Bloody Mary
I did not think I was the type of person to enjoy a Bloody Mary. But it turns out there are two important factors to consider. The first goes along with most any alcohol: it's an acquired taste. A savory alcoholic drink does take perhaps longer to establish a taste for than say, a strawberry daiquiri. And whiskey, well, I've not quite acquired the taste for that one yet. (Barely in a drink, let alone on the rocks.) The other important thing to consider is that there is vast, incredible difference between the mixes you can buy and the fresh, real stuff.
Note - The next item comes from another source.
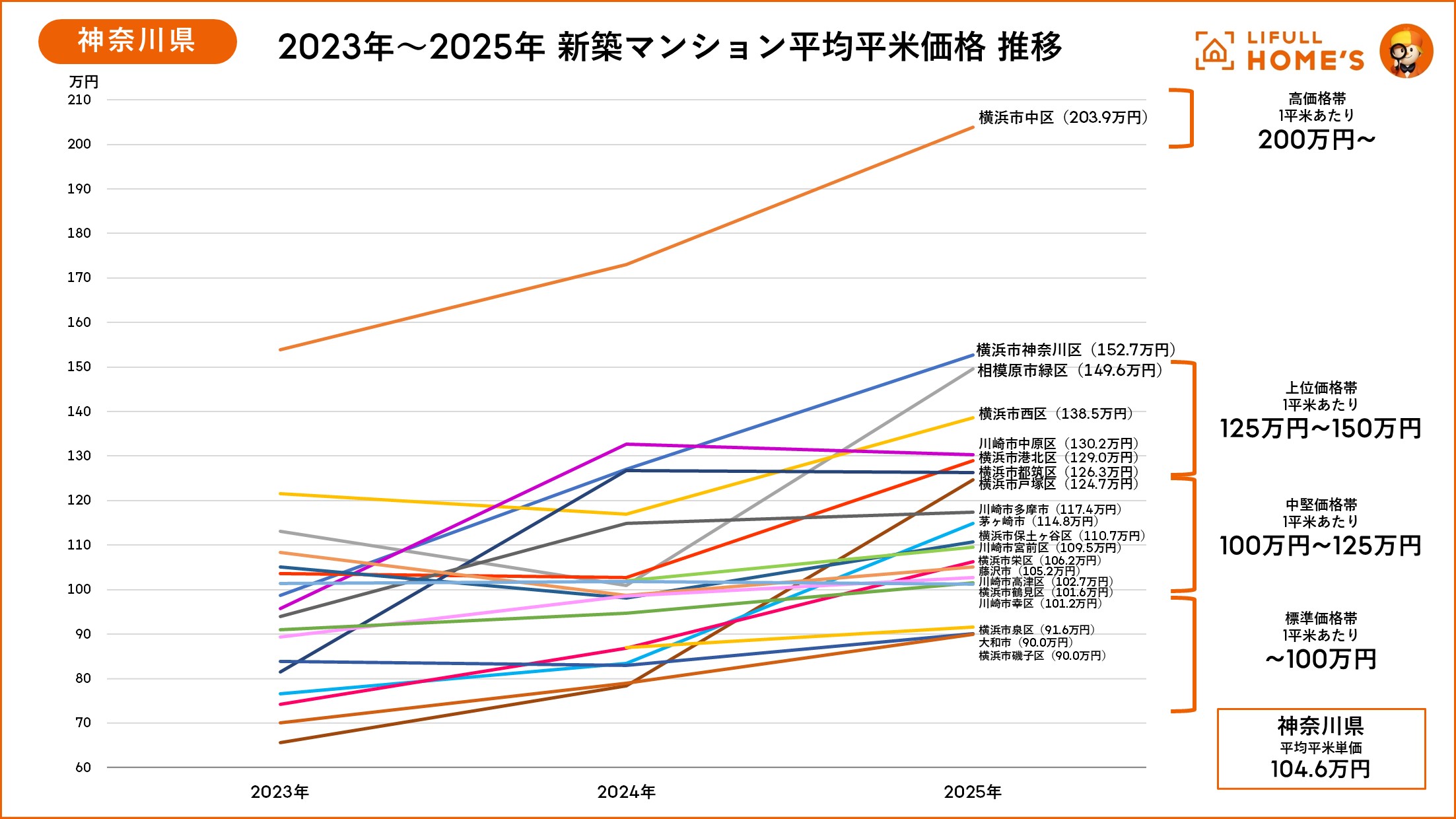 2025年の東京23区の平均平米単価は207.4万円と突出して高額ですが、神奈川県でも同105.2万円と100万円を突破し、千葉県85.2万円、埼玉県80.4万円と前年から概ね10%前後の明らかな価格の押し上げが発生しています。

There's nothing quite like the burn on your tongue from real tabasco sauce and cracked pepper flakes. The most expensive, pretentious pre-mixed concoction won't taste as good as these ingredients, and it'll probably cost you less, too.
Recipe: Bloody Mary
2 oz vodka 4 oz tomato juice 1/2 oz fresh lemon juice 1/4 teaspoon horseradish or spicy Asian mustard (I use the latter, it's perfect) 2 to 3 dashes tabasco or other hot sauce 2 to 3 dashes Worcestershire sauce lemon wedge celery stick
Shake the liquid ingredients vigorously with ice in a cocktail shaker. Strain into an ice-filled highball glass. Squeeze the lemon wedge over the drink, and drop it in. Garnish with celery stick. Top with a half-turn of freshly-cracked pepper or even a pinch of cayenne. Enjoy!
Next I'm going to try a Bloody Maria, variation with tequila and cucumber.